Tinybird offers several key advantages over managing ClickHouse yourself:

Fully managed infrastructure

Tinybird handles all the operational complexity of running ClickHouse at scale:

  • Automatic scaling: Infrastructure scales transparently based on your workload
  • Zero cluster operations: No need to manage shards, replicas, or cluster topology
  • Built-in monitoring: Comprehensive observability with performance metrics and alerting
  • Managed updates: Automatic updates and patches without downtime

API-first architecture

Transform SQL queries into production-grade REST APIs:

  • Instant API endpoints: Turn any SQL query into a scalable HTTP API with authentication
  • Parameterized queries: Build dynamic APIs with template variables and type validation
  • Built-in authentication: Token-based and JWT authentication with fine-grained permissions
  • Rate limiting: Built-in protection against abuse and cost control

Real-time data ingestion

Simplified data ingestion with multiple options:

  • Events API: High-throughput streaming ingestion for real-time events via HTTP
  • Native connectors: Managed integrations for Kafka, S3, GCS, and more
  • Data Sources API: Batch ingestion for CSV, Parquet, and NDJSON files
  • Schema evolution: Handle schema changes without downtime

Development workflow

Modern development practices built in:

  • Local development: Full local environment with Tinybird Local container
  • Version control: Git-based workflow for all data assets
  • CI/CD integration: Deploy changes through your existing pipelines
  • Testing and validation: Built-in deployment validation and rollback capabilities

BI and tool integration

Connect to your existing analytics tools:

  • ClickHouse HTTP interface: Use existing ClickHouse drivers and tools
  • PostgreSQL compatibility: Connect BI tools like Grafana, Metabase, and Tableau
  • Query API: Direct SQL execution for existing applications

ClickHouse to Tinybird concept translation

Tinybird has an opinionated approach to structuring analytics projects using two primary file types: .datasource files (tables) and .pipe files (queries, views, and materializations).

Database → Workspace

In ClickHouse, you organize tables within databases. In Tinybird:

  • Organization: Top-level container for all your projects
  • Workspace: Equivalent to a database, contains all your data sources and pipes

Learn more about Tinybird Core Concepts.

Table → Data Source

ClickHouse tables become Tinybird data sources, defined in .datasource files. Data sources in Tinybird define table schemas, engines, sorting keys, and partition keys. They may also contain references to connectors from which they receive data.
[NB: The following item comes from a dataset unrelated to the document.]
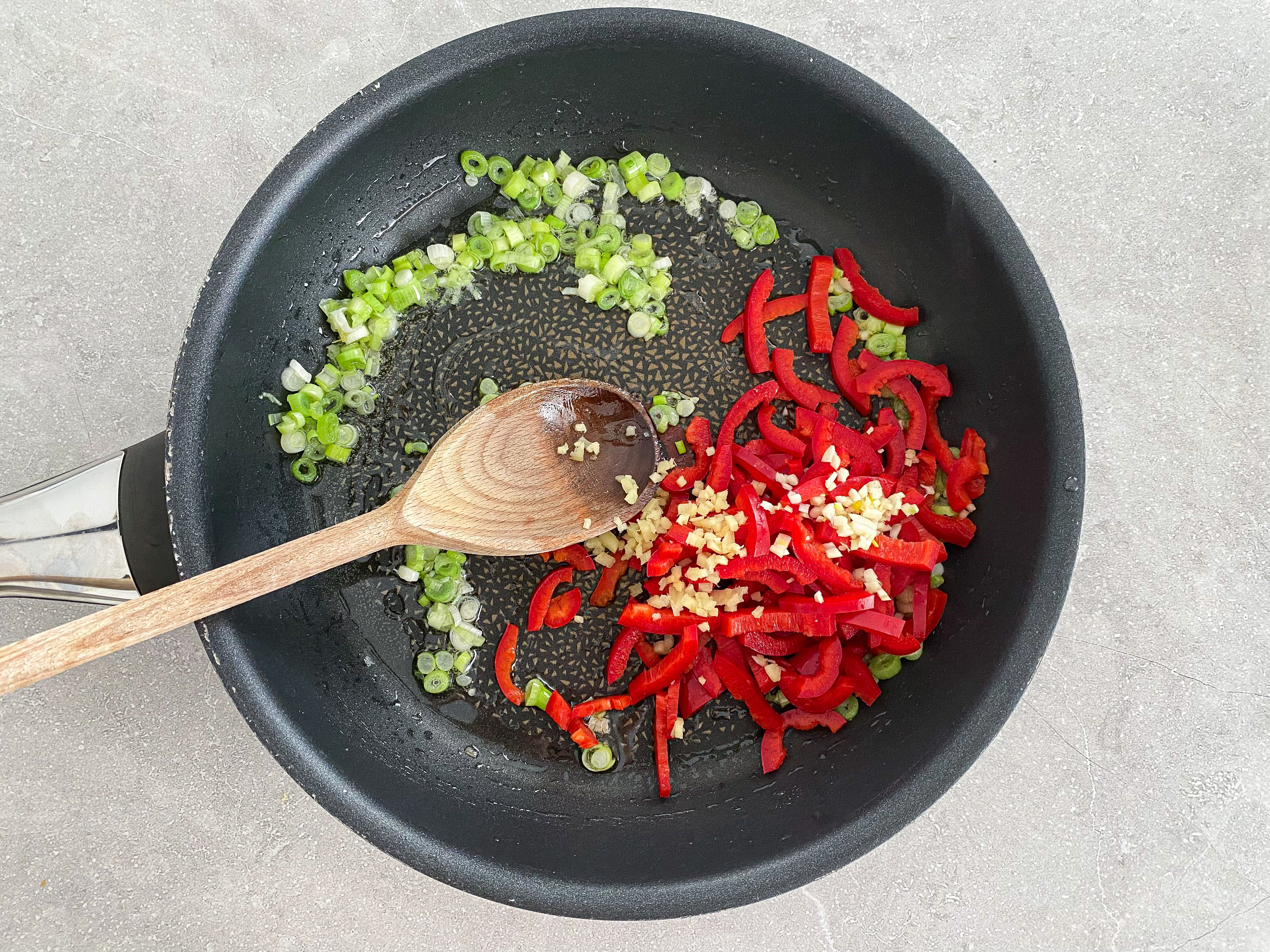 3. După 1-2 minute adăugăm și ardeiul tăiat feliuțe. Adăugăm și ghimbirul și usturoiul tocate mărunt. Continuăm să tragem legumele la tigaie, amestecând constant.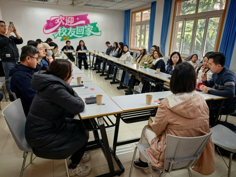 2025年12月6日,继续教育学院“终身学习·薪火相传”校友返校日活动在虹口校区3号楼412室举行。来自各行各业的约三十位校友重返母校,与学院领导、老师齐聚一堂,共庆上海外国语大学76周年华诞,在温馨热烈的氛围中回望求学时光,畅谈成长经历,共话未来发展。活动由学院副院长郑琼主持。

ClickHouse CREATE TABLE statement:

ClickHouse table creation
CREATE TABLE user_events
(
    user_id UInt32 ,
    event_type String,
    timestamp DateTime,
    properties JSON
)
ENGINE = MergeTree
ORDER BY (user_id, timestamp)
PARTITION BY toYYYYMM(timestamp)

Tinybird datasources/user_events.datasource:

user_events.datasource
DESCRIPTION >
    User events tracking with properties for analytics

SCHEMA >
    `user_id` UInt32 `json:$.user_id`,
    `event_type` String `json:$.event_type`,
    `timestamp` DateTime `json:$.timestamp`,
    `properties` String `json:$.properties`

ENGINE "MergeTree"
ENGINE_PARTITION_KEY "toYYYYMM(timestamp)"
ENGINE_SORTING_KEY "user_id, timestamp"

# optional connector configuration
KAFKA_CONNECTION_NAME kafka_connection # The name of the .connection file
KAFKA_TOPIC topic_name
KAFKA_GROUP_ID {{ tb_secret("KAFKA_GROUP_ID") }}

Key differences:

  • JSONPath expressions: Map JSON fields to columns automatically
  • Declarative schema: Define structure without SQL DDL
  • Built-in description: Document your data sources inline
  • Source connector definitions: Define where the data comes from

Learn more about data sources.

Views and parametrized queries → Pipes

ClickHouse views become Tinybird pipes, which can be used for to define API endpoints, materializations, internal queries, scheduled copies, sinks, or as building blocks for other pipes.

ClickHouse parametrized view:

ClickHouse parametrized view
CREATE VIEW user_activity_summary
AS SELECT
    user_id,
    event_type,
    count() AS event_count,
    min(timestamp) AS first_event,
    max(timestamp) AS last_event
FROM user_events
WHERE timestamp >= {start_date:DateTime} 
  AND timestamp <= {end_date:DateTime}
  AND user_id = {target_user:UInt32}
GROUP BY user_id, event_type
ORDER BY event_count DESC

Tinybird pipes/user_activity_summary.pipe:

user_activity_summary.pipe
DESCRIPTION >
    User activity summary with date range and user filtering

NODE activity_summary
SQL >
    %
    SELECT
        user_id,
        event_type,
        count() AS event_count,
        min(timestamp) AS first_event,
        max(timestamp) AS last_event
    FROM user_events
    WHERE timestamp >= {{DateTime(start_date)}}
      AND timestamp <= {{DateTime(end_date)}}
      AND user_id = {{UInt32(target_user)}}
    GROUP BY user_id, event_type
    ORDER BY event_count DESC

Key differences:

  • Template variables: Use % token at the beginning of a query and {{Type(variable)}} syntax for parameters.
  • Advanced logic: Support for {% %} advanced templating functions
  • Node structure: Organize complex queries into multiple nodes
  • Type safety: Automatic type validation for parameters

Learn more about pipes.

Materialized Views → Materialized Views

ClickHouse incremental materialized views translate to Tinybird materialized views with target data sources.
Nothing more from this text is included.